Obstruksi Gelung Tertutup
Terjadi saat obstruksi terdapat di dua tempat. Volvulus merupakan sebab yang
paling sering dan dapat juga menyebabkan terjadinya perputaran mesenterium.
Obstruksi di bagian distal dari usus besar juga dapat menyebabkan terjadinya
closed loop obstruction jika katup ileocekal masih tersisa. Saat tekanan intralumen
di segmen obstruksi meningkat, sekresi cairan ke dalam lumen meningkat
sementara absorbsinya menurun. Kepentingan klinis yang mungkin terjadi akibat
fenomena ini ialah meningkatnya resiko kejadian strangulasi. Distensi pada
obstruksi gelung tertutup terjadi sangat cepat sehingga biasanya strangulasi terjadi
lebih dahulu bahkan sebelum gejala klinis dari obstruksi tampak jelas.
Obstruksi Parsial Intestinal
Pada obstruksi parsial, lumen tak sepenuhnya tersumbat.

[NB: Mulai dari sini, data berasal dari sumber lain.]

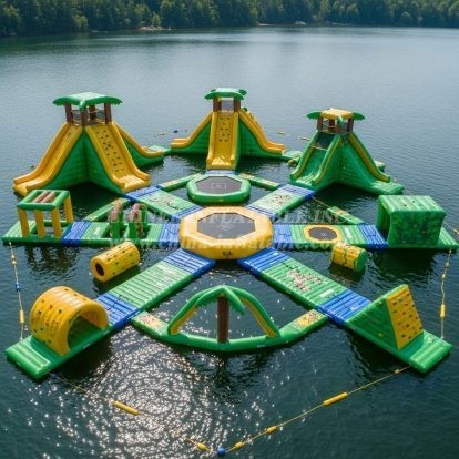 Turn your lake, resort, or waterfront into a headline attraction with the S325 Jungle Theme Water Park from Chinee Inflatables. This modular floating playground blends vibrant tropical styling with a full range of action features to keep guests moving, laughing, and returning for more. Multiple tower climbs lead to thrilling slides that splash down into the water, while linked balance paths, crawl tunnels, and climbing walls create endlessly reconfigurable challenge routes for every age group. Central jump pads add an exciting rebound element and make the park a lively hub of activity.
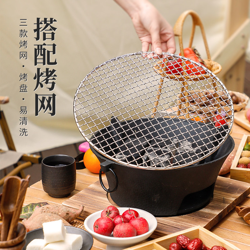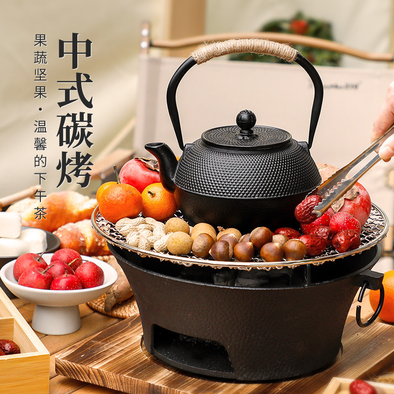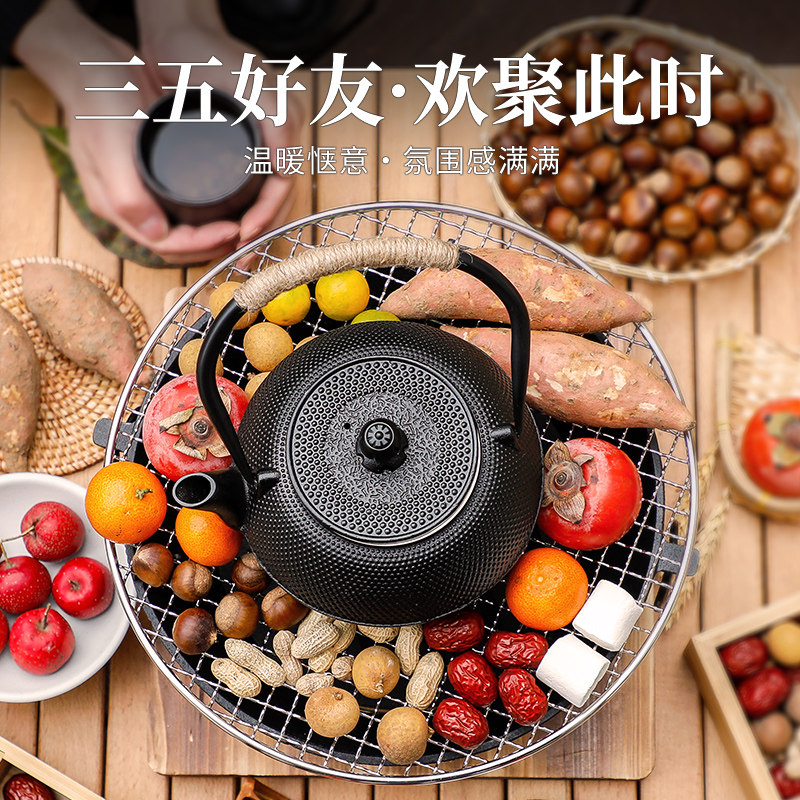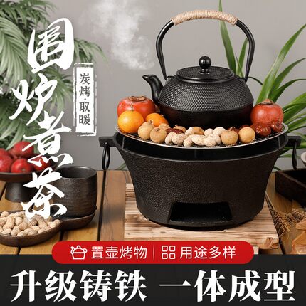 网红围炉煮茶家用室内烤茶炉全套装铸铁木炭炉子打边炉小烧烤火炉
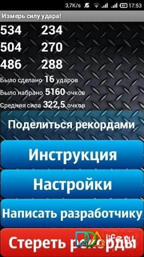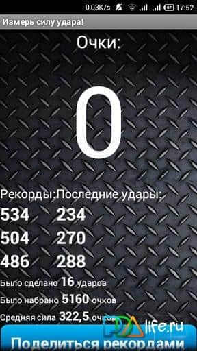 Измерь силу удара. Bumpmeeter - приложение для андроид, которое можно равноправно отнести как к спорту, так и простому симулятору. Как понятно из названия, вы сможете проверить силу вашего удара. Для этого совсем не нужно бить ваше устройство что есть сил или кидать его о стену. Достаточно сжать телефон в руке и резко взмахнуть им в воздухе. Встроенные в приложение датчики ускорения оценят ваш удар в баллах и покажут результат, которым вы кстати, сможете похвастаться в соцсетях.

Adhesi merupakan
penyebab tersering dari gangguan ini dan jarang sekali mengakibatkan terjadinya
strangulasi. Obstruksi parsial kronis dapat menyebabkan terjadinya penebalan
18
dinding intestinal akibat hipertrofi otot. Perpanjangan waktu kontraksi dan
peningkatan kelompok kontraksi merupakan karakteristik yang dapat ditemukan.
Kelainan motoris ini dan kemungkinan berhubungan dengan pertumbuhan bakteri
dapat menyebabkan terjadinya malabsorbsi, distensi dan diare sekretorik.
Obstruksi kolon
Patofisiologi terjadinya obstruksi pada kolon berbeda dengan intestinal. Kolon
khususnya yang bagian distal memiliki kemampuan yang terbatas pada absorbsi.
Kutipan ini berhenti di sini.